Dave Doc Roberts brings the Duck out of retirement

I really thought the Duck was going to stay retired, after all hardly anything has happened in the last three years that got his wings in a flutter. Yet, here I find myself writing a Duck Talk article because Dave Doc Roberts needs to answer some questions.

For those unfamiliar with the Duck, you can check out the archived  Duck Talk Section at TrueBlueLA.  We ask the questions we want to ask and try to see through the clichéd responses we normally get.  Don’t get confused, this is a complete fabrication based on interviews within my troubled mind.

As usual the Dodger PR Folk are very kind in getting these interviews lined up.

Duck: Hi Dave, thanks for doing this interview, I know your busy trying to figure out how to get Howie into the lineup, but this should only take a few a minutes.

Doc Roberts: No one told me during the manager interviews I had to agree to be interviewed by a duck, but here I am

Duck: Well, not like I want to be here either. I’d rather be enjoying a Dodger team in 1st place,  not one fighting for a play in-game by June.  We are here because you’re a rookie manager, and to be honest you made some perplexing moves, that I hope to find out the thinking behind.

Doc Roberts: Great, a second guessing fowl. Fine quack away.

Duck: OK, let’s start by talking about Howie Kendrick and your affinity for him. Howie helped the team out,  back in April by playing some LF when the team found itself without Andre or SVS. As expected Howie was merely a fill in LF, starting five games in  left field in April, and overall only seven games in LF until May 24th. For some reason on May 24th you decided that Howie was going to be your everyday left fielder and has started 12 games in LF since that point.
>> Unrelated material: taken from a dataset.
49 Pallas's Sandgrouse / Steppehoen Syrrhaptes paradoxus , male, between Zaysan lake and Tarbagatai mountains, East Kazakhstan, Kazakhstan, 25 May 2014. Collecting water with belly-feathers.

Why is that?

Doc Roberts: We needed someone to play LF, and I felt that Howie was the player who gave us the best opportunity to win?
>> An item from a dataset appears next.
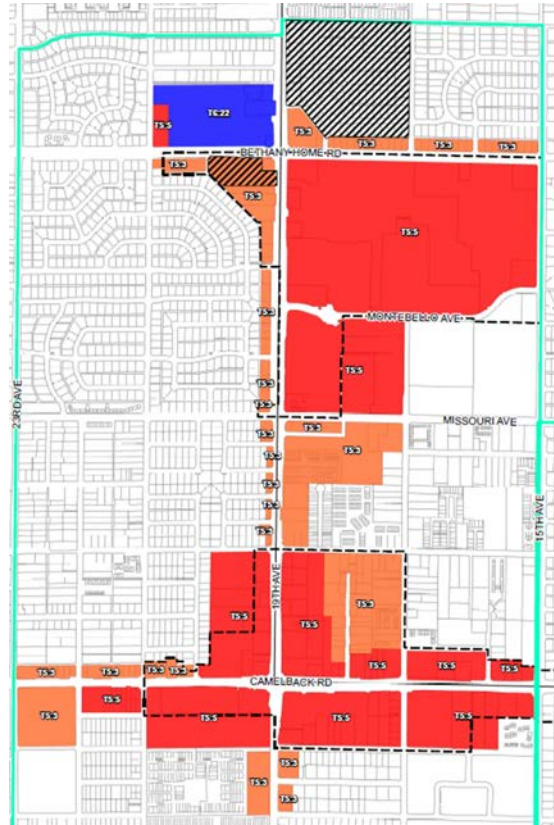
Policy basis for best practice form based code implementation.

District Plan policies are included that support a pedestrian-oriented zoning code, mixed-income neighborhoods, historic preservation, neighborhood compatibility, protection, Complete Streets, green construction, green infrastructure and open space development. The approach for development of the District Policy Plan emphasizes robust community involvement, interdisciplinary collaboration and the use of performance measures to improve accountability and provide a focus on outcomes. Each focus area within the Solano Transit Oriented Development District has Priority Action Plans for

Duck:  Yes, but why? He’s a lifetime infielder playing left field, and his defense looks exactly like a life time infielder playing left field.

Doc Roberts: Yes, but Howie can hit, and at that time Kiké Hernández couldn’t hit a lick so I felt I needed some offense in LF.

Duck: OK, but on May 24th Howie had an OPS of .587,  and in the twelve starts that Howie got in left field since May 24th he garnered a .176 BA in 34 at bats with a total of two extra base hits. So not only did you put out a sub par defensive left fielder on a regular basis but he hit like a bad hitting pitcher in a premium offensive position.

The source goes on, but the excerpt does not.